Enforce Incoming TLS Encryption
By default, all email is securely processed by Mail Assure using TLS encryption as long as the sending or receiving server provides support for it.
These settings are configurable at the Admin level for all domains owned by the Admin or Sub-Admin user from the Customer Management page.
You can specify that TLS is required for specific senders or recipients, in which case if a TLS connection is unsuccessful the inbound email will not be processed and delivered.
- In the Domain Level Control Panel, select Incoming - Protection Settings > Filter settings. The Filter Settings page for the domain is displayed
- Select from the following options to manage Incoming email TLS handling:
From the sending mail server to the Mail Assure server
- Automatically use TLS when possible (recommended) - This is the default setting
- Only process email for any recipients or senders where the mail is received over a TLS connection - Mail received for all recipients from all senders over a TLS connection is processed and delivered, unencrypted connections will be rejected
- Only process email for specific recipients or senders where the mail is received over a TLS connection - Only mail received for specified recipients from listed senders over a TLS connection is processed and delivered. When you select this option, provide the following in the text boxes given:
- Full email addresses of Senders
Separate addresses with a space, or comma, or by pressing enter. You may accept mail from only one address by entering the email address of that sender, or whole domains by using *@domain.invalid in the Sender(s) box, changing domain.invalid to the domain name you wish to receive mail from.
- Local part of the email addresses of Recipients
Separate local parts with a space, or comma, or by pressing enter. Enter * for all recipients at the domain. The local part of an address is anything before the @ symbol, e.g. john.smith@domain.invalid, the local part is john.smith, and should be entered here
- Full email addresses of Senders
- Select from the following options to manage Delivery to destination TLS handling:
From the Mail Assure server to the destination mail server
- Automatically use TLS when possible (recommended) - This is the default setting
- Only process email for any recipients or senders where the mail is received over a TLS connection - Mail received by the destination mail server for all recipients from all senders over a TLS connection is processed and delivered, unencrypted connections will be rejected
- Only process email for specific recipients or senders where the mail is received over a TLS connection - Only mail received by the destination mail server for specific recipients from listed senders over a TLS connection is processed and delivered. When you select this option, provide the following in the text boxes given:
- Full email addresses of Senders
Separate addresses with a space, or comma, or by pressing enter. You may accept mail from only one address by entering the email address of that sender, or whole domains by using *@domain.invalid in the Sender(s) box, changing domain.invalid to the domain name you wish to receive mail from.
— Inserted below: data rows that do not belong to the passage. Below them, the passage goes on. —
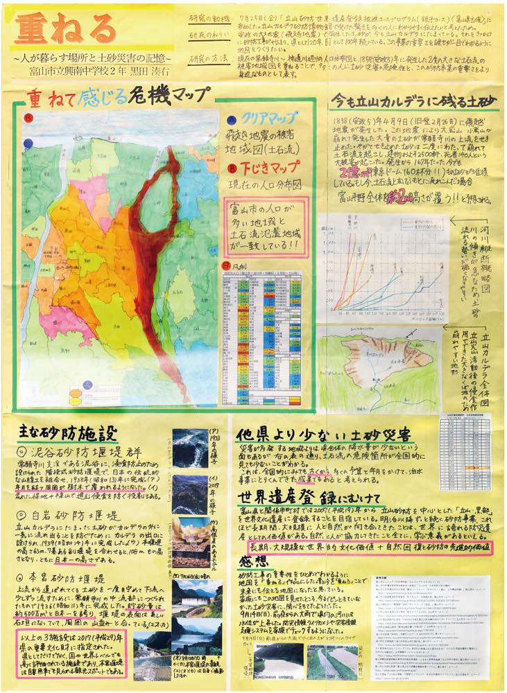 講評:この地図では、まず、富山県の神通川・常願寺川沿いにある富山市や滑川市などの各人口を階級区分図で示しました。その上に、1858年に起きた安政の大地震(飛越地震)の際に常願寺川沿いで大量の土石流の流れた範囲が示された透明なシートを重ねました。県や国の対策により土石流はその後起きていませんが、万が一土石流が再度発生した場合、人口の多い地区で被害にあう危険性の高いことが地図からよくわかります。2枚の地図を重ねた効果がよく表れています。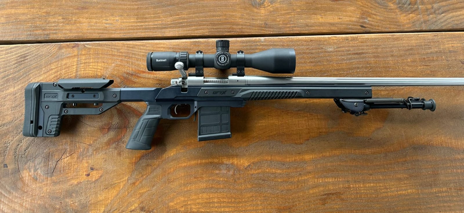 La mía tiene el rail Arca, bipode MDT y la mira es Vortex Strike Eagle 5-25x56 FFP MRAD.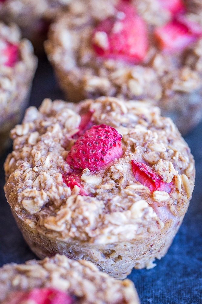 These Healthy Strawberry Banana Baked Oatmeal Cups are so easy to make and perfect for a make ahead breakfast you can enjoy all week!

- Local part of the email addresses of Recipients
Separate local parts with a space, or comma, or by pressing enter. Enter * for all recipients at the domain. The local part of an address is anything before the @ symbol, e.g. john.smith@domain.invalid, the local part is john.smith, and should be entered here
- Full email addresses of Senders
- Click Save
There are two options for handling different hops of the inbound message connection, neither of these control Outbound mail filter handling.